[Date Prev][Date Next] [Thread Prev][Thread Next] [Date Index] [Thread Index]

Re: FRR package in Debian violates the GPL licence



On 21/03/2019, Steve Langasek <vorlon@debian.org> wrote:
> But as for the substance of your claim, what you are doing here is asserting
> copyright on an interface.  While there has been recent notable case law in
> certain jurisdictions which wrongly supports the notion that interfaces
> contain sufficient creativity to be copyrightable, that is an incredibly
> toxic precedent to set in the Free Software world.

Technically, he is asserting that any text that use substantial
original words defined in another original copyrightable text is a
derivative work of such original text.

To be honest, the form of the text (in C, plain english, or
mechanically translated to an object form for mechanical consumption),
I'd say that it shouldn't change much.

All translations of a book are derivative work of the original, even
if they are ALSO copyright of the translators.

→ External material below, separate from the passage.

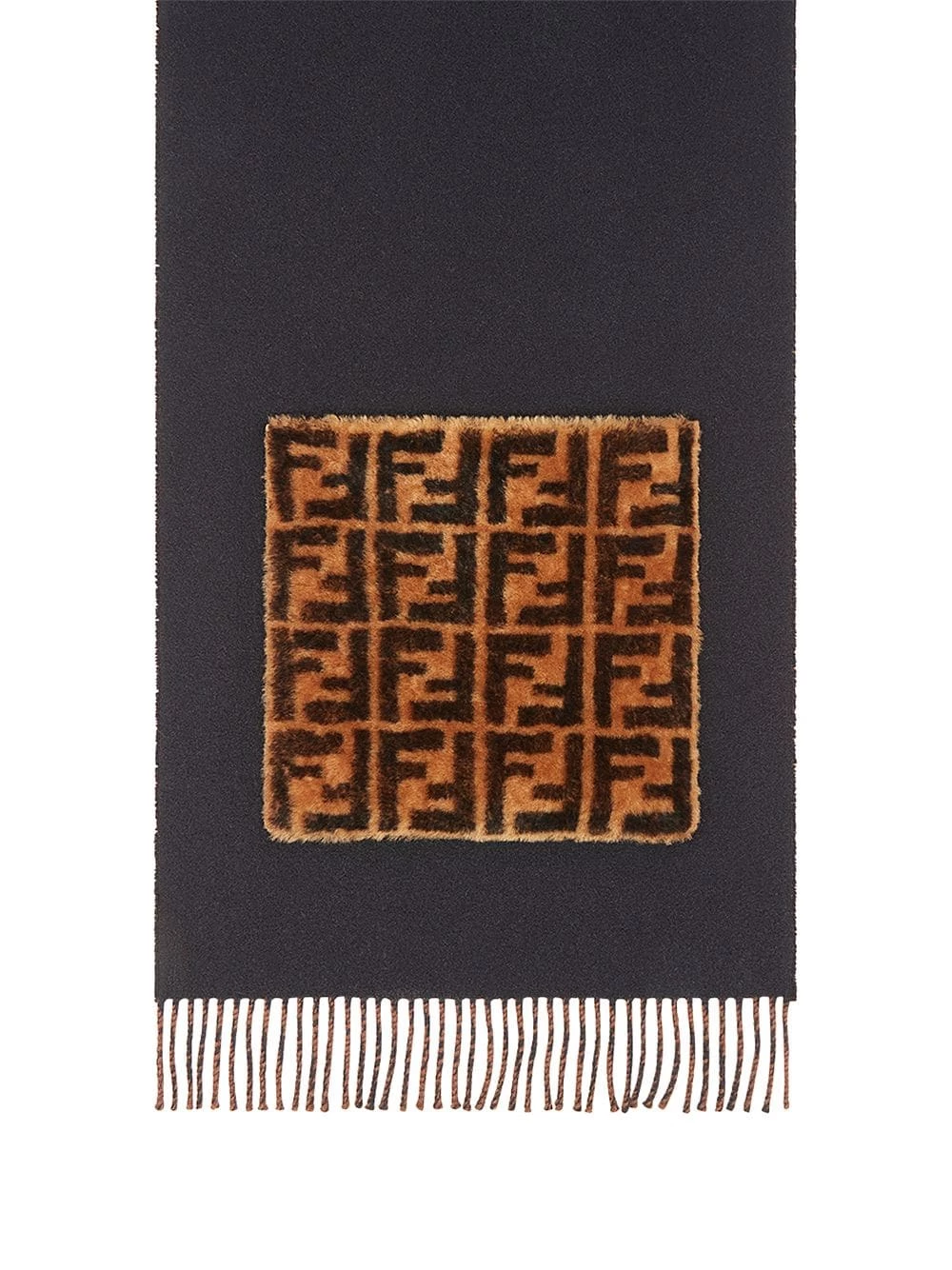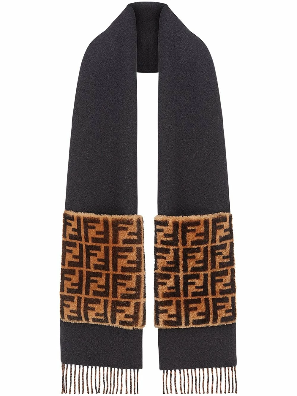 Fancy a slight touch of fur? Crafted from a black wool-cashmere blend, this Fendi scarf boasts brown shearling appliquΓ©s with the FF motif. For that little bit extra. Featuring contrasting panels, fringed edges and FF pattern shearling appliquΓ©s.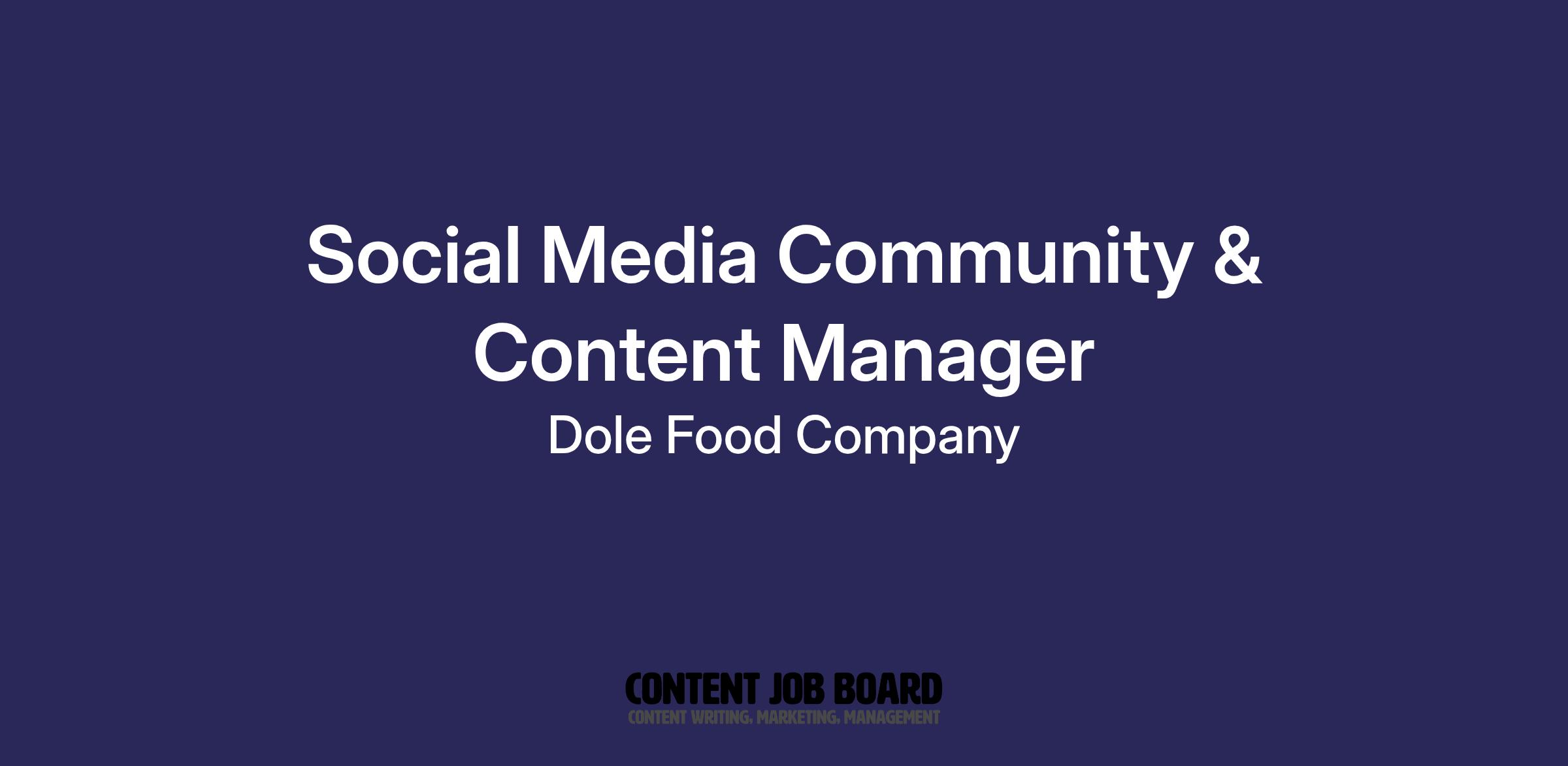The Social Media Community & Content Manager will engage Dole’s digital community by implementing social interactions through new content execution and development, participating in discussions, attending live events, identifying new consumers and listening and responding to the current ones. This in-office position is part of the social media team, working closely with other members of the social media, communications and marketing teams.

Since compilers are things and do not hold copyright, API or ABI
doesn't change much.



I agree that the course of action you suggest to Paul is correct, but
I'd really like if you might elaborate about your concerns about API
copyrightability.

I know that this is a widely minoritarian position, but I think that a
strong copyleft over innovative APIs might be very beneficial to Free
Software.

Most of commercial APIs are crap so we wouldn't lose much.
OTOH Free Software is strong enough to innovate and through a strong
enough copyleft, we might create a new and better stack that keep most
future software in the Commons, spreading knowledge and collaboration,
for the benefit of the whole Humanity.


So why do you think that this is a "toxic precedent"?